___ EXERCISE DATA

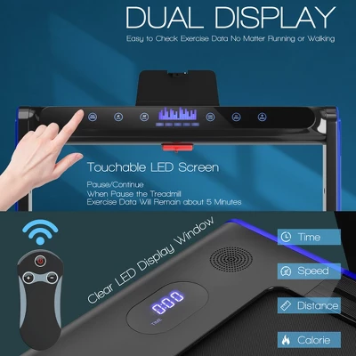 - Dual LED Display & Remote Control: This electric treadmill is designed with dual LED display. The upper LED screen is touchable. If you press the pause/continue key, the exercise data will remain about 5 minutes. The bottom LED display window can be operated by remote control and feedback your exercise data(time/speed/distance/calorie).
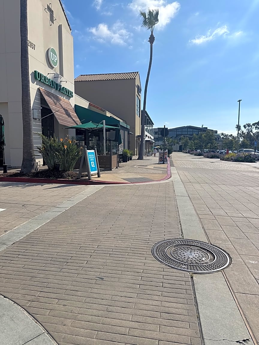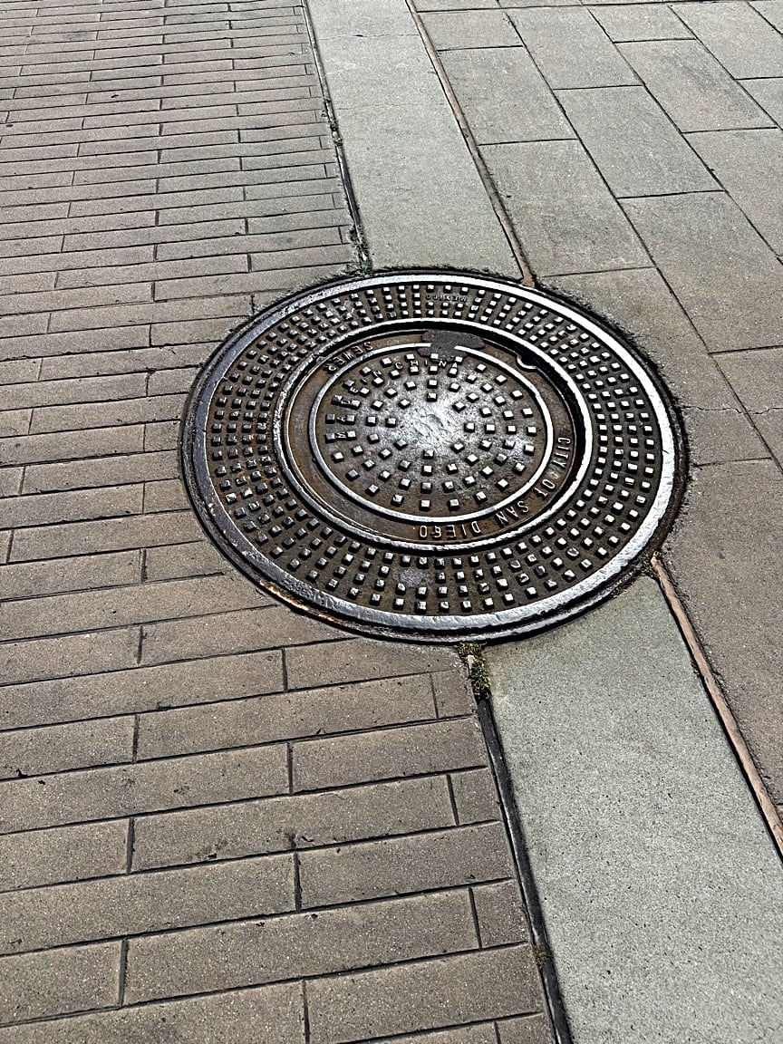 Walkway trip hazard - City of San Diego sewer - liability issue at Del Mar Highlands shopping center - sewer box sunken in
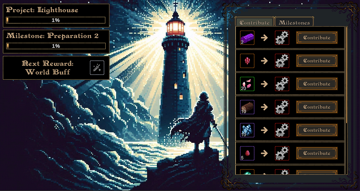 In order construct the lighthouse, players will need to come together and provide resources in exchange for progress. There are 30 total milestones to complete the project, and each milestone requires a different amount of progress to complete and unlocks a different bonus for participants.
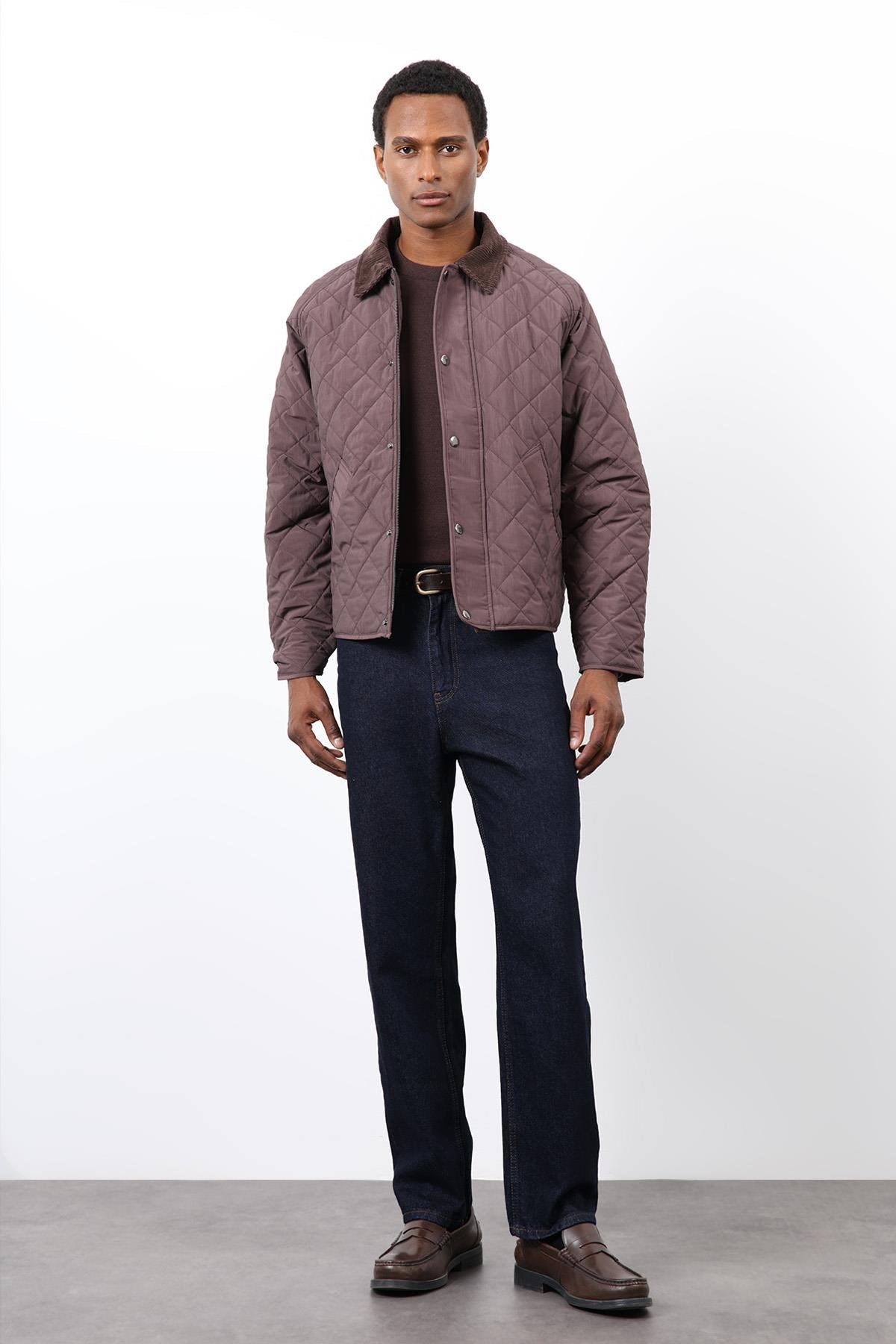 Kahve Kontrast Yaka Baklava Desenli Erkek Mont

______

§ INSTRUCTIONS TO FOLLOW
Please return only the lines from the top of the data through the line with "Walkway trip hazard", exactly as written, and drop every picture.

§ SOLVED EXERCISE
 - Dual LED Display & Remote Control: This electric treadmill is designed with dual LED display. The upper LED screen is touchable. If you press the pause/continue key, the exercise data will remain about 5 minutes. The bottom LED display window can be operated by remote control and feedback your exercise data(time/speed/distance/calorie).
 Walkway trip hazard - City of San Diego sewer - liability issue at Del Mar Highlands shopping center - sewer box sunken in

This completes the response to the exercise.